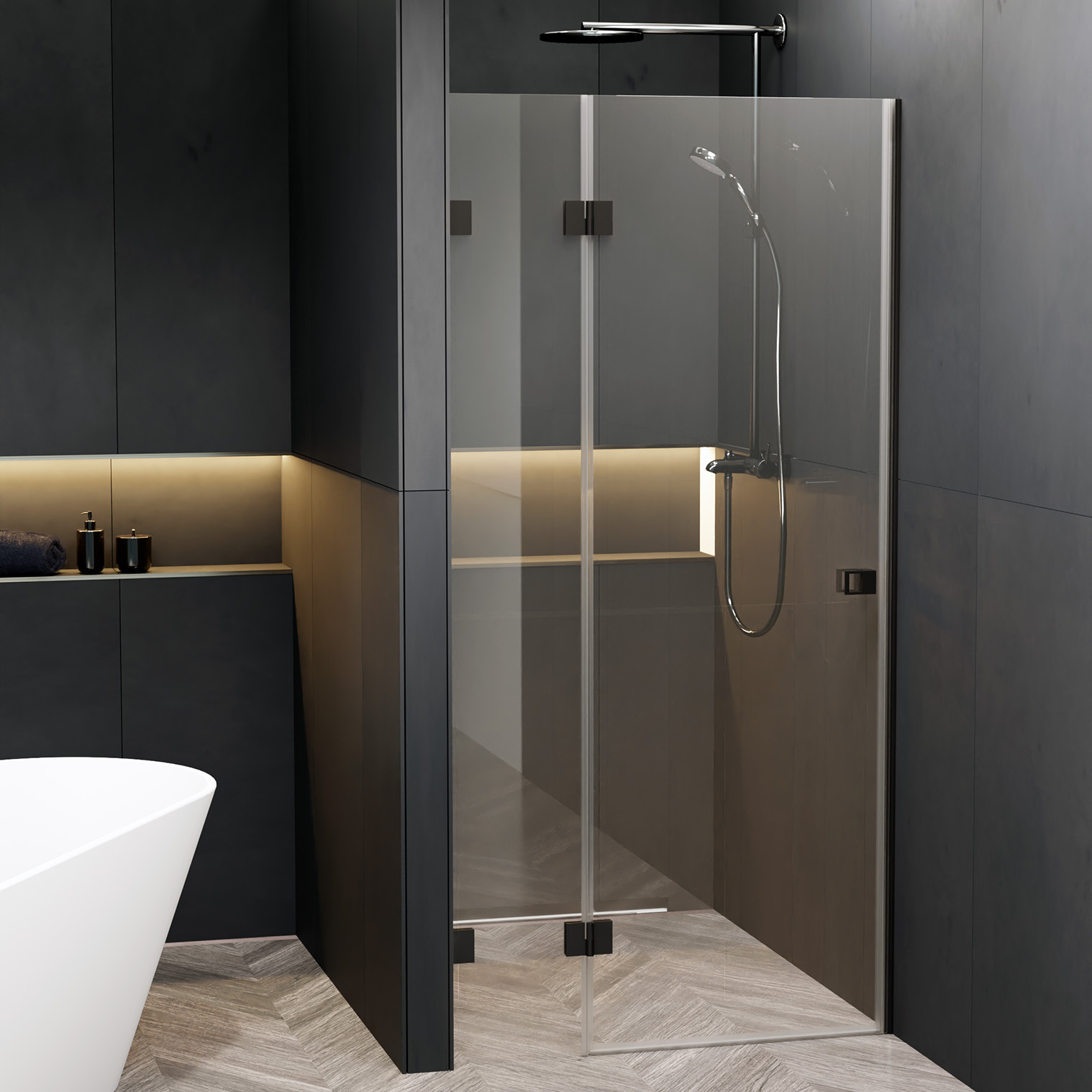 De Scandic NXT douches ook verkrijgbaar in Satinato melkglas en Smoked rookglas.
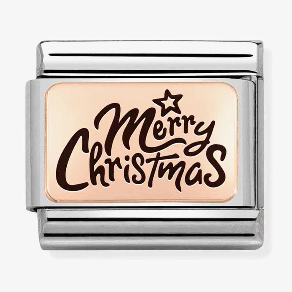 The Nomination Composable CLASSIC Plates Merry Christmas Charm 430111/14 features a bonded rose gold plate with the words 'Merry Christmas' and star detailing, on a stainless steel base.
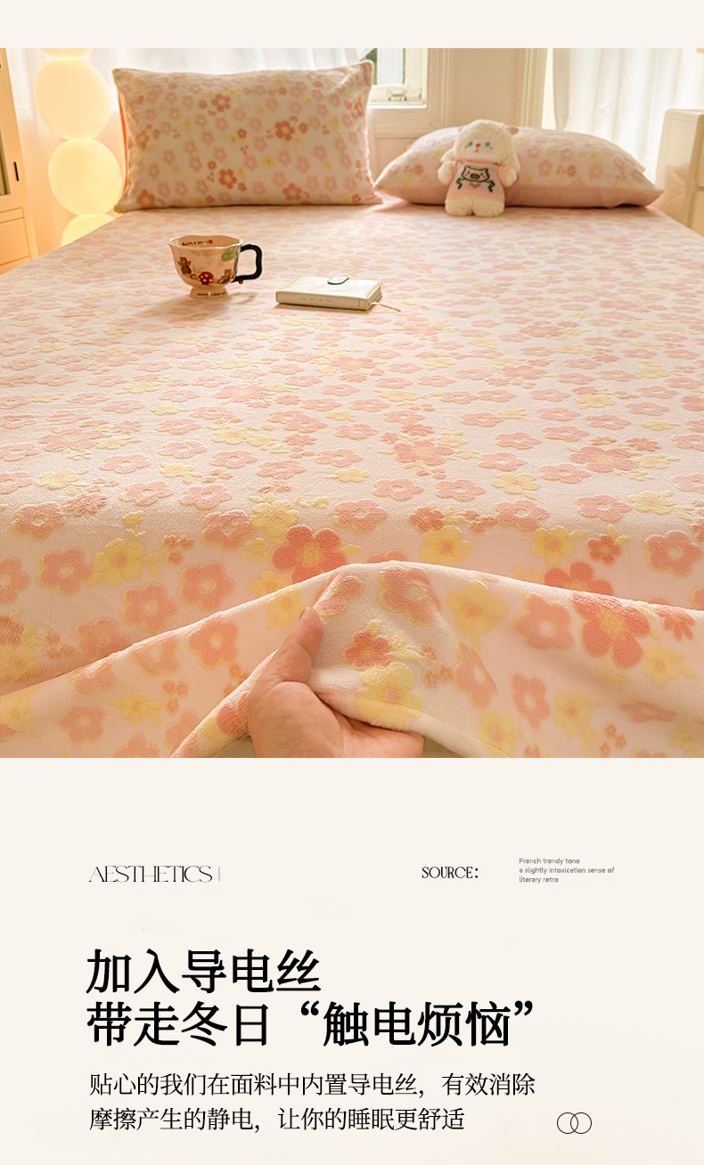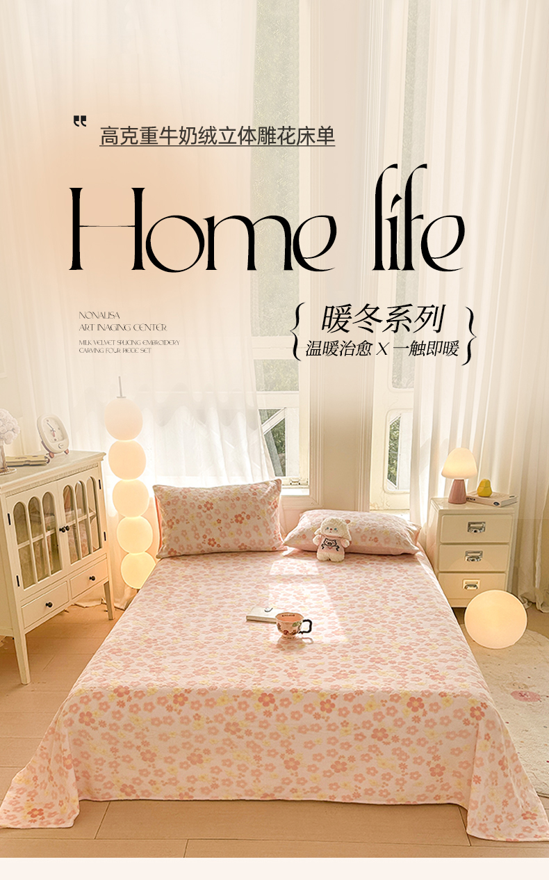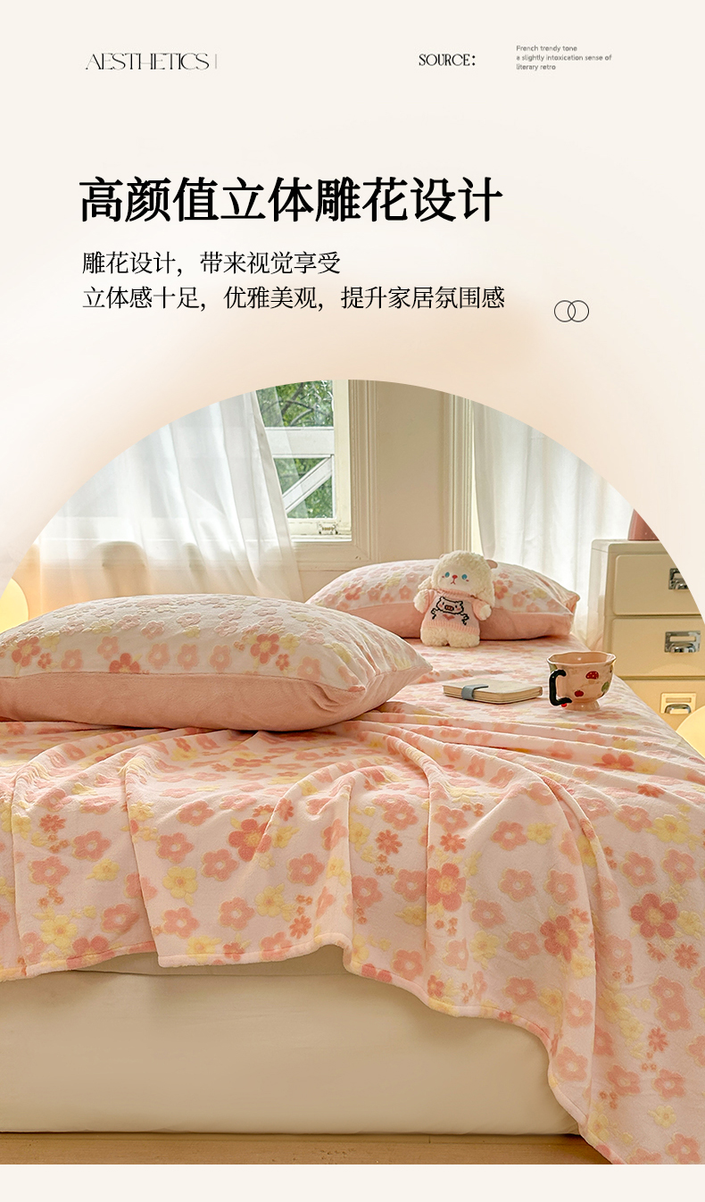 • 91家纺网 家纺一手货源 找家纺 灰鲸 2025新款立体雕花牛奶绒床单单床单单品床单单件 花海-粉
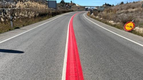 Μια νέα κόκκινη γραμμή τοποθετείται στο κέντρο του δρόμου -πάνω από τη διπλή διαχωριστική γραμμή- σε επικίνδυνα τμήματα, όπου η τρέχουσα σήμανση είναι ανεπαρκής.
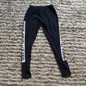 Stylish and versatile black leggings featuring a side print. Perfect for everyday wear and active lifestyles.
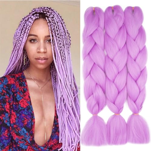 Dcbaboo Braids Extensions syntetiskt hår för flätning 3-pack 50 cm (24 tum), Ombre Jumbo Braiding Hair kanekalon, hårförlängningar, flätor, Afro Crochet Box, flätor, hår för flätor, 300 g, ljuslila

------------------------------------------------

**WHAT TO WORK ON**
Your copy should hold only the lines above from the one containing "The Nomination Composable" through the one containing "灰鲸 2025新款立体雕花牛奶绒床单单床单单品床单单件 花海-粉", exactly as written and free of pictures.

**EXPECTED ANSWER**
 The Nomination Composable CLASSIC Plates Merry Christmas Charm 430111/14 features a bonded rose gold plate with the words 'Merry Christmas' and star detailing, on a stainless steel base.
 • 91家纺网 家纺一手货源 找家纺 灰鲸 2025新款立体雕花牛奶绒床单单床单单品床单单件 花海-粉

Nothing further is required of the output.